Pinboard to EagleFiler: Automatic Import

Hi,

I’m trying to write a bit of code to automatically import Pinboard bookmarks tagged ‘work’ to EagleFiler. This seems to be working all right:

import pinboard
import datetime
import subprocess

work = pb.posts.all(tag=["work"])

for bm in work:
    tagnames = ', '.join(map(lambda x: '"'+ str(x) + '"', bm.tags))
    script = '''
    tell application "EagleFiler"
        try -- ignore duplicates
            set {{_record}} to import URLs "{url}" Web page format Web archive format
            set the title of the _record to "{title}"
            set the basename of the _record to "{title}"
            set the note text of the _record to "{description}"
            set the assigned tag names of the _record to {{{tags}}}
            set the creation date of the _record to date "{date}"
        end try
    end tell
    '''

    proc = subprocess.Popen(['osascript', '-'],
                        stdin=subprocess.PIPE,
                        stdout=subprocess.PIPE,
                        universal_newlines=True)
    stdout_output = proc.communicate(script.format(url=bm.url,
     title=bm.description, description=bm.extended, tags=tagnames, date=bm.time.strftime('%A, %B %-m, %Y at %H:%M:%S %p')))

The idea is that I would run this code from time to time to import my work bookmarks. One issue with the above is that I’d prefer to use Web archives for the import, but I noticed that after repeated runs EagleFiler does not detect duplicates. This is not a problem if I choose bookmark as the import format.

Is this the expected behavior of EagleFiler?

Thanks.

Yes, EagleFiler determines duplicates by file content. So a bookmark with the same title and URL will be considered equal (since that’s what the file stores). Web archives will always be considered unique (since they contain HTTP request data that is different each time).

In the future, I will probably make it an option to determine duplicates by URL. For now, perhaps you could adapt your script to check the source URLs of the existing records before importing.

Hi @Michael_Tsai, checking for the source URL sounds like a good idea!

Hi @Michael_Tsai, is there a way to get the source URLs for all the records using AppleScript or by other means?

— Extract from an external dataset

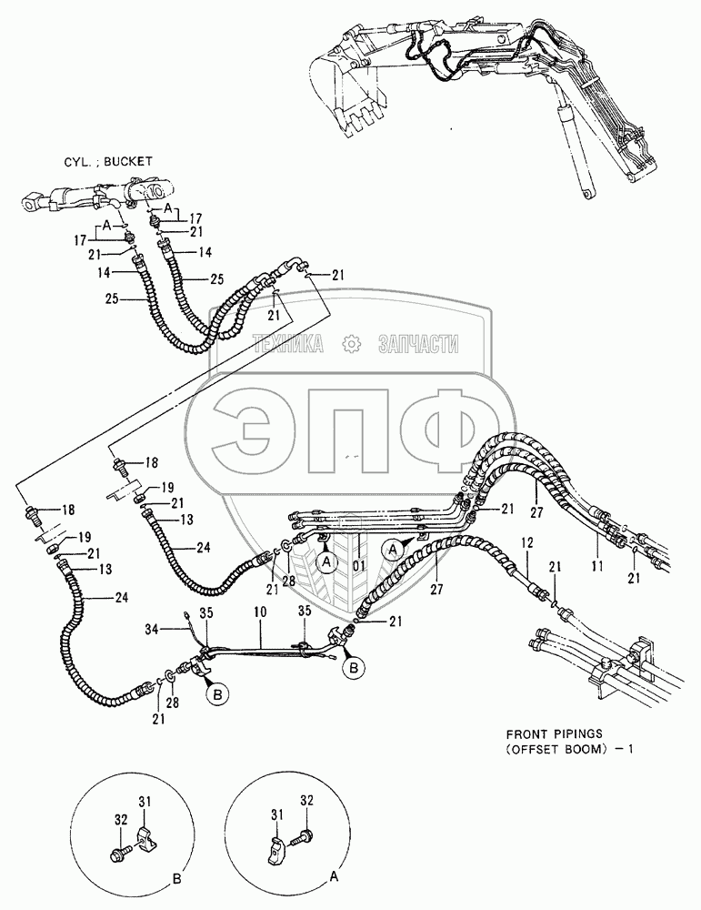 Каталог запасных частей к технике: Hitachi EX-60-2. Front Pipings (Offset Boom)-3

Yes, for example you could do something like this:

tell application "EagleFiler"
    tell current library document
        set _urls to source URL of every library record
    end tell
end tell

Thanks @Michael_Tsai, the code below seems to be working. I’m not an expert on either python nor AppleScript so corrections are welcome:


import pinboard
import datetime
import subprocess

pb = pinboard.Pinboard('MY PINBOARD API')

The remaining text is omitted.